Should I pick my baby up when she cries?

Crying is a baby’s way of communicating. Particularly in the early months, a child cries when she’s hungry, cold, wet, tired, or wants to be held and played with. Between six and nine months, she may cry – particularly at night – because she doesn’t understand that her parents exist unless she sees them. She knows the world as either pleasurable or uncomfortable; when her needs are met she feels good, and when they aren’t she feels bad and cries.

Many parents wonder how they should respond when their child cries. If they pick her up each time, will her demands increase? Is there a chance she’ll become spoiled? Parents who wish to follow their instincts and respond to their child’s tears often are confused by people who say, “Don’t pick her up, you’ll spoil her”, “Let her cry, it’s good for her lungs”, or, “You can’t always be there for her”.

The truth is that picking up a crying baby won’t spoil her. Rather, it will help her develop a sense of security that will actually make her less likely to cry in the long run. Babies whose cries bring a helpful response begin to anticipate that whenever they cry, someone will respond. This cause-and-effect connection gives a child a secure and comfortable feeling and also teaches her to trust her parents. Learning to trust is a critical part of early development. If her parents don’t respond to her cries, or respond erratically and unpredictably, she’ll quickly sense that there’s little she can do to affect her environment. In such a situation, she’ll learn to mistrust those around her.

Of course, there’s a wide range of parental behavior between the extremes of total responsiveness and unresponsiveness. No matter how hard parents try to calm and comfort their child, there’ll be times when she remains frustrated. But if they’re consistently caring during the early months, she’ll start life with a sense of trust.

Comforting a crying child is very important, but it also can be difficult, especially if she cries often or during a busy moment. If you find that your baby needs a lot of comforting during the day, you may want to try a cloth infant carrier that will let you hold her close while leaving your hands free. The contact and constant movement can be very soothing to a child.

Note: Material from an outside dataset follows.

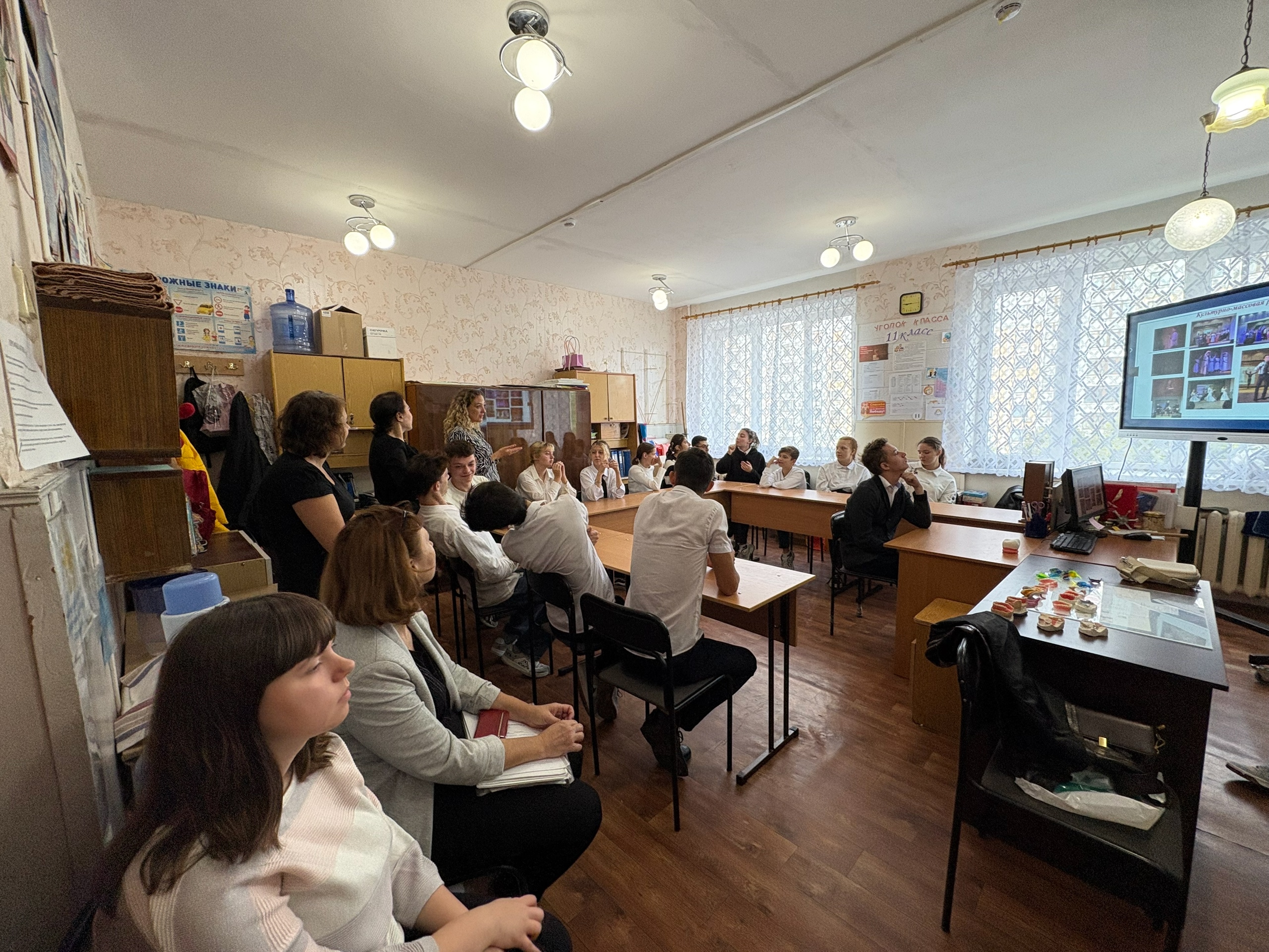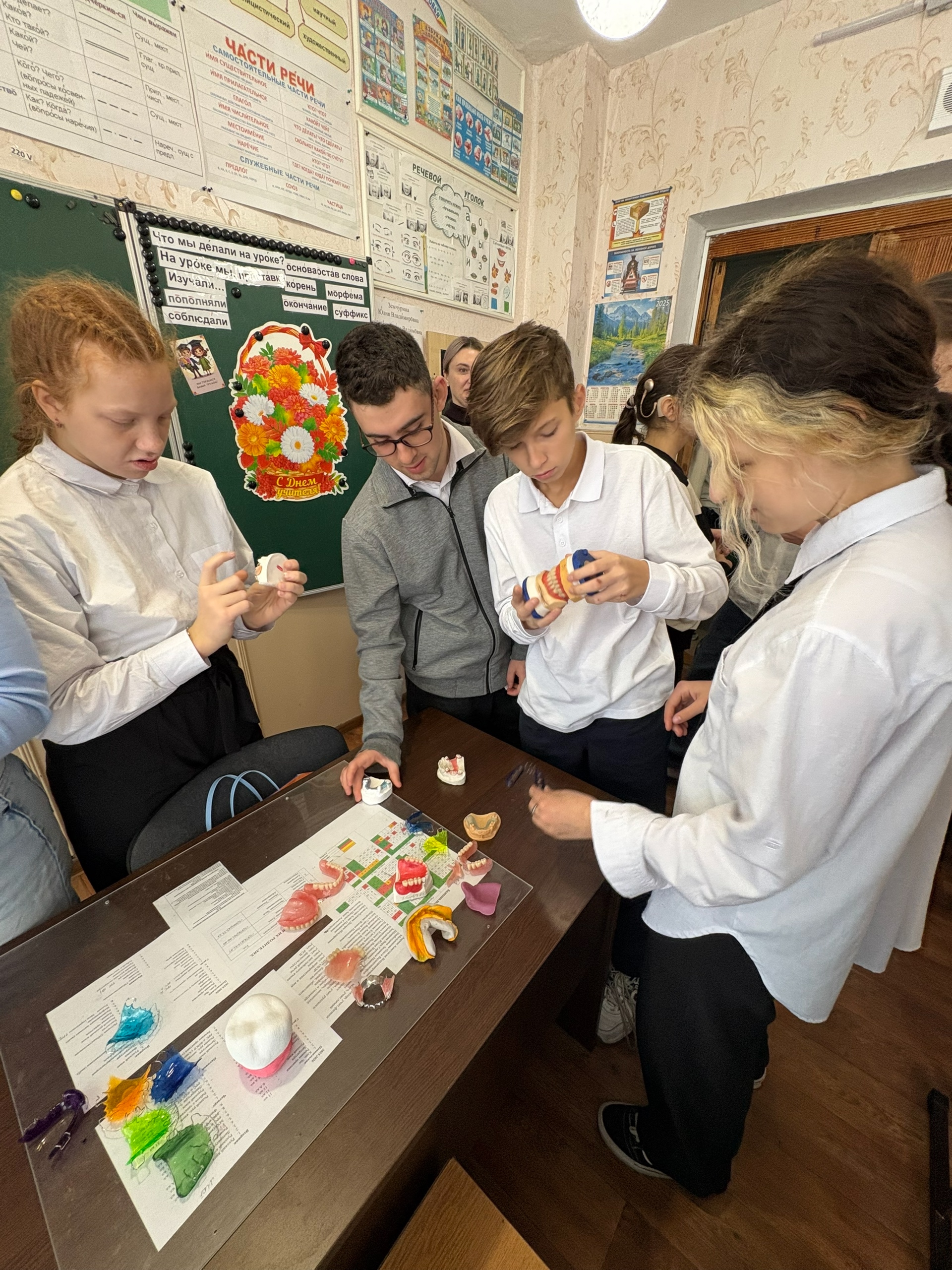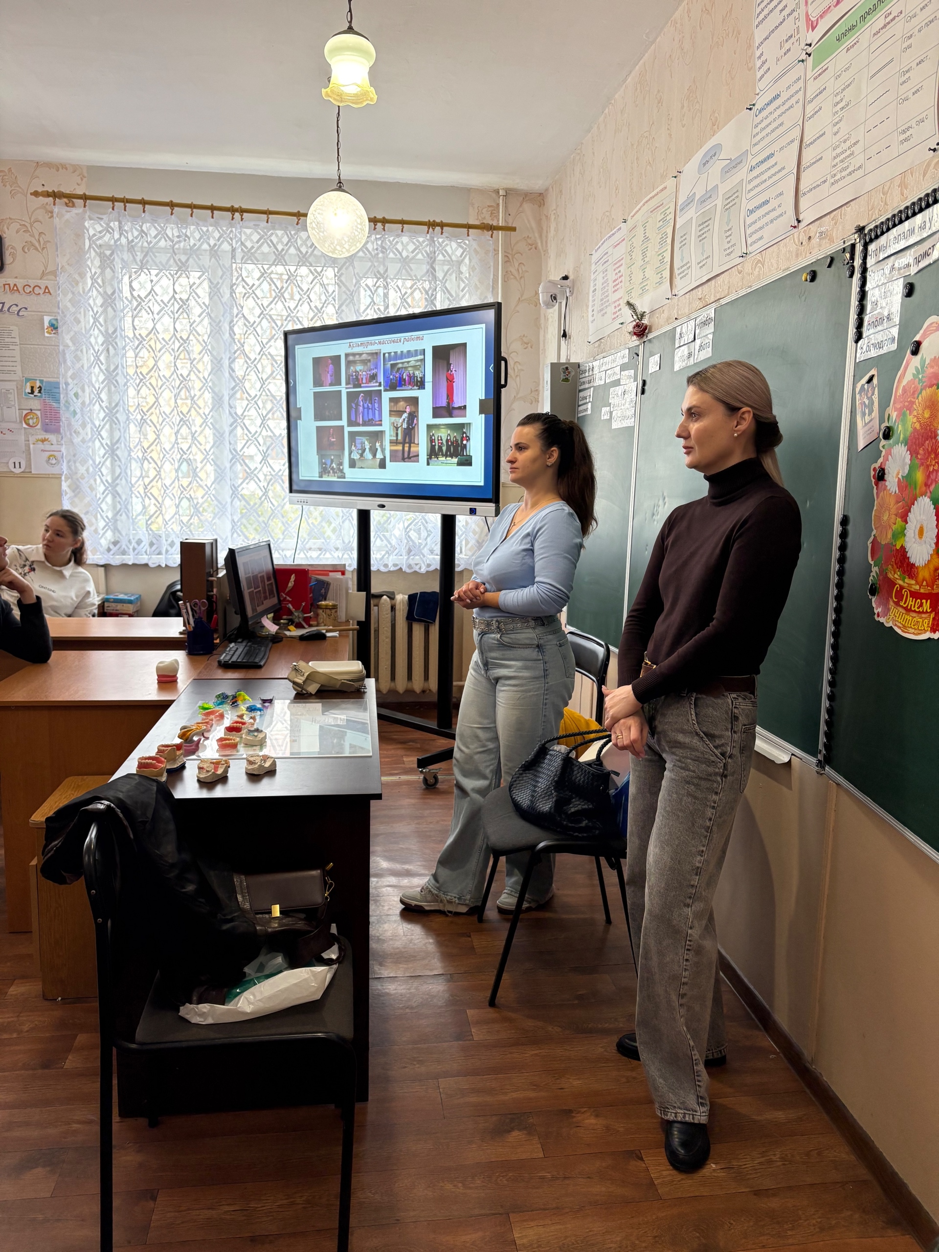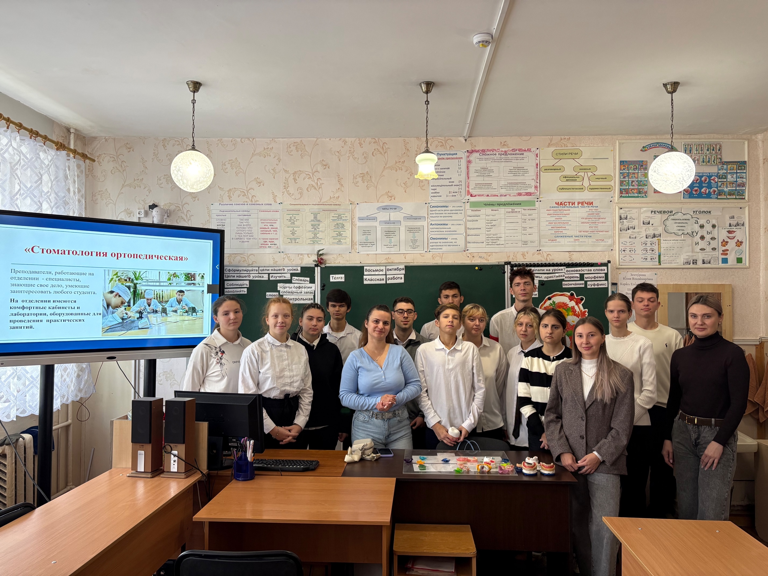 Преподаватели Сабинич В. А. и Никитченко С.И., сурдопереводчик Вознюк Е. А. и обучающаяся 2 курса отделения «Стоматология ортопедическая» Соколова Анастасия, которая так же обучалась в школе-интернат, рассказали будущим выпускникам школы об основных специальностях Медицинского колледжа, о важной и востребованной профессии — Зубной техник.

If your baby does a lot of crying at night, you may feel frustrated and unsure about how to respond. Your natural instinct may be to pick her up, but you also may be tired and you may be getting negative advice. Your pediatrician might advise you to let your child “cry it out at night”, particularly once she turns three months old. Many people advocate ignoring a child’s cries in the hope that she’ll learn to sleep through the night. One theory says that if parents refuse to comfort or feed their child during the night, she’ll stop crying after twenty minutes to an hour and go back to sleep. After many days or weeks of this routine, she’ll no longer wake up at night.

Although the prospect of an evening of uninterrupted sleep may certainly be attractive to you, when you comfort your baby, you let her know that she can depend on you, that she’s worthwhile, and that you care about meeting her needs. Holding and soothing her, you give her a sense of security and a basis for developing trust in her world.